- Date: 12–18 November
- Edition: 11th
- Category: WTA 125K series
- Prize money: $125,000
- Surface: Carpet (indoor)
- Location: Taipei, Taiwan

Champions

Singles
- Luksika Kumkhum

Doubles
- Ankita Raina / Karman Thandi
- ← 2017 · OEC Taipei WTA Challenger · 2019 →

= 2018 OEC Taipei WTA Challenger =

The 2018 OEC Taipei WTA Challenger was a professional tennis tournament played on indoor carpet courts. It was the 11th edition of the tournament and part of the 2018 WTA 125K series, offering a total of $125,000 in prize money.

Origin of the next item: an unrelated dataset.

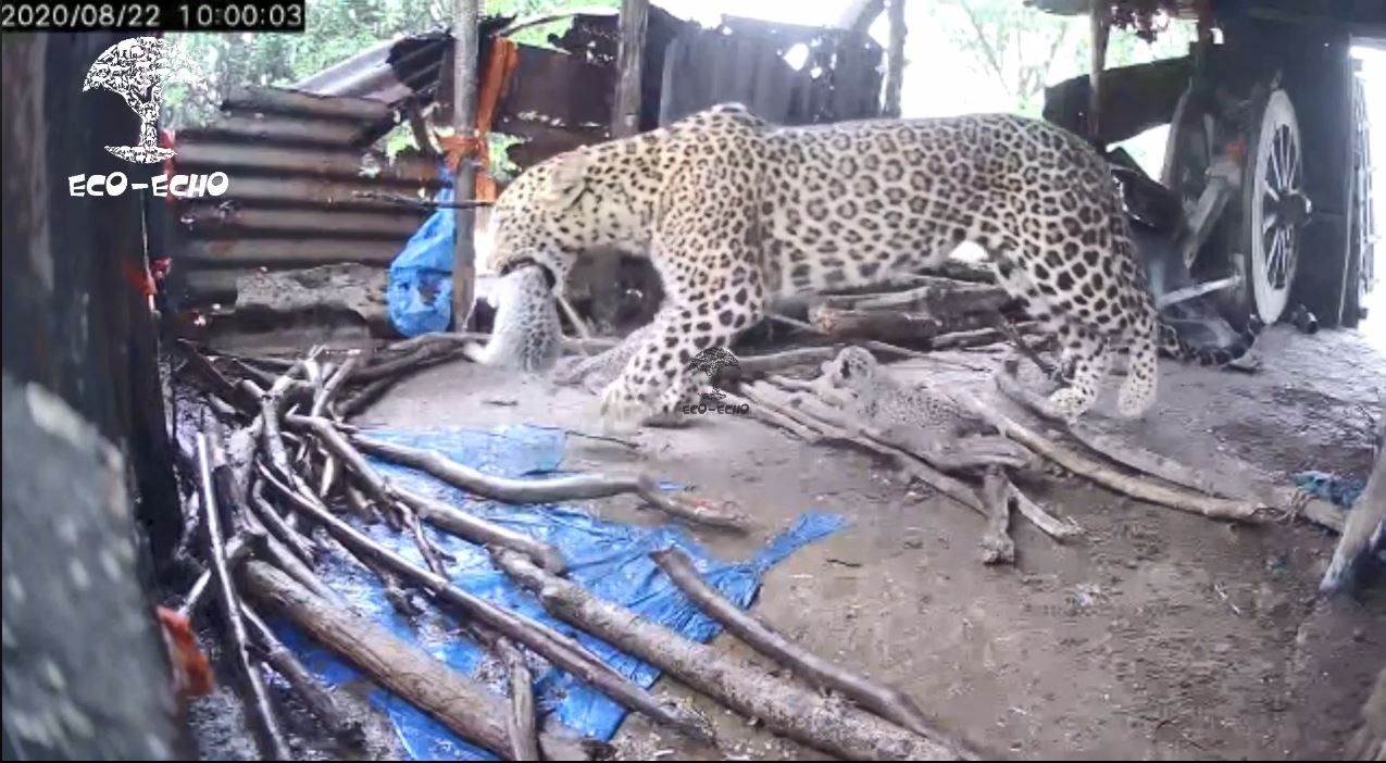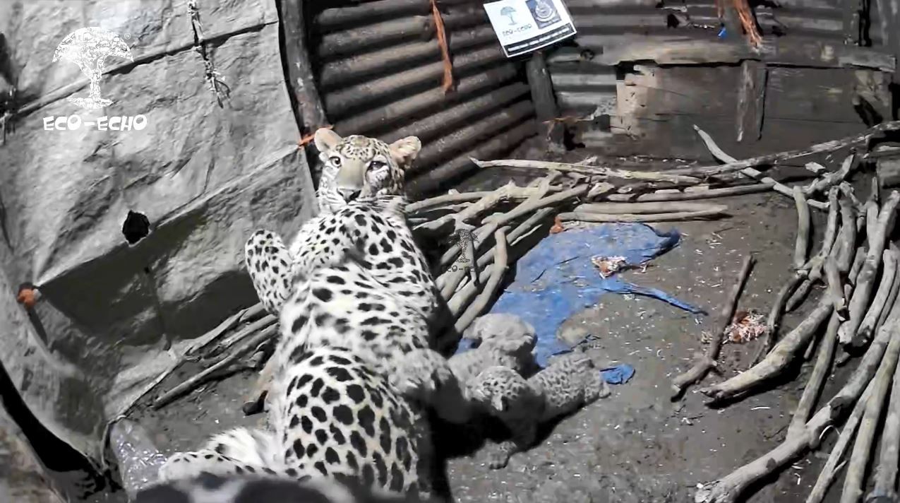 ▼Eco Echo趁豹媽媽不在裝好監視器,並確認4隻豹幼崽的身體狀況。不久後豹媽媽就回來了,原來牠去附近的農場抓了幾隻雞。動保團體跟村民們溝通,希望這段時間他們能跟豹和平共處。森林局還派人守住農舍,防止有人不小心闖入,讓豹受到干擾。

It took place in Taipei, Taiwan, on 12–18 November 2018.

==Singles main draw entrants==

=== Seeds ===

| Country | Player | Rank^{1} | Seed |
|---|---|---|---|
| CHN | Zheng Saisai | 46 | 1 |
| THA | Luksika Kumkhum | 80 | 2 |
| RUS | Margarita Gasparyan | 105 | 3 |
| CHN | Zhu Lin | 114 | 4 |
| JPN | Nao Hibino | 119 | 5 |
| RUS | Vitalia Diatchenko | 120 | 6 |
| UZB | Sabina Sharipova | 122 | 7 |
| JPN | Misaki Doi | 139 | 8 |

- ^{1} Rankings as of 5 November 2018.

=== Other entrants ===
The following player received wildcards into the singles main draw:
- TPE Joanna Garland
- TPE Liang En-shuo
- GER Sabine Lisicki
- HKG Zhang Ling
- CHN Zheng Saisai

The following players received entry from the qualifying draw:
- KOR Jang Su-jeong
- CZE Tereza Martincová
- ROU Elena-Gabriela Ruse
- CHN Zhang Yuxuan

The following player received entry as lucky losers:
- AUS Lizette Cabrera
- HKG Ng Kwan-yau

===Withdrawals===
- SVK Jana Čepelová → replaced by CAN Carol Zhao
- RUS Margarita Gasparyan → replaced by AUS Lizette Cabrera
- GEO Ekaterine Gorgodze → replaced by CHN Xun Fangying
- RUS Evgeniya Rodina → replaced by MNE Danka Kovinić
- GBR Katie Swan → replaced by IND Ankita Raina
- USA Sachia Vickery → replaced by AUT Barbara Haas
- CHN Zheng Saisai → replaced by HKG Ng Kwan-yau

== Doubles entrants ==
=== Seeds ===

| Country | Player | Country | Player | Rank^{1} | Seed |
|---|---|---|---|---|---|
| JPN | Nao Hibino | GEO | Oksana Kalashnikova | 144 | 1 |
| CHN | Han Xinyun | THA | Luksika Kumkhum | 178 | 2 |
| JPN | Misaki Doi | MNE | Danka Kovinić | 221 | 3 |
| RUS | Olga Doroshina | RUS | Natela Dzalamidze | 267 | 4 |

- ^{1} Rankings as of 5 November 2018.

=== Other entrants ===
The following pair received a wildcard into the doubles main draw:
- TPE Lee Ya-hsuan / TPE Liang En-shuo

== Champions ==

===Singles===

- THA Luksika Kumkhum def. GER Sabine Lisicki 6–1, 6–3

===Doubles===

- * IND Ankita Raina / IND Karman Thandi def. RUS Olga Doroshina / RUS Natela Dzalamidze, 6–3, 5–7, [12–12], ret.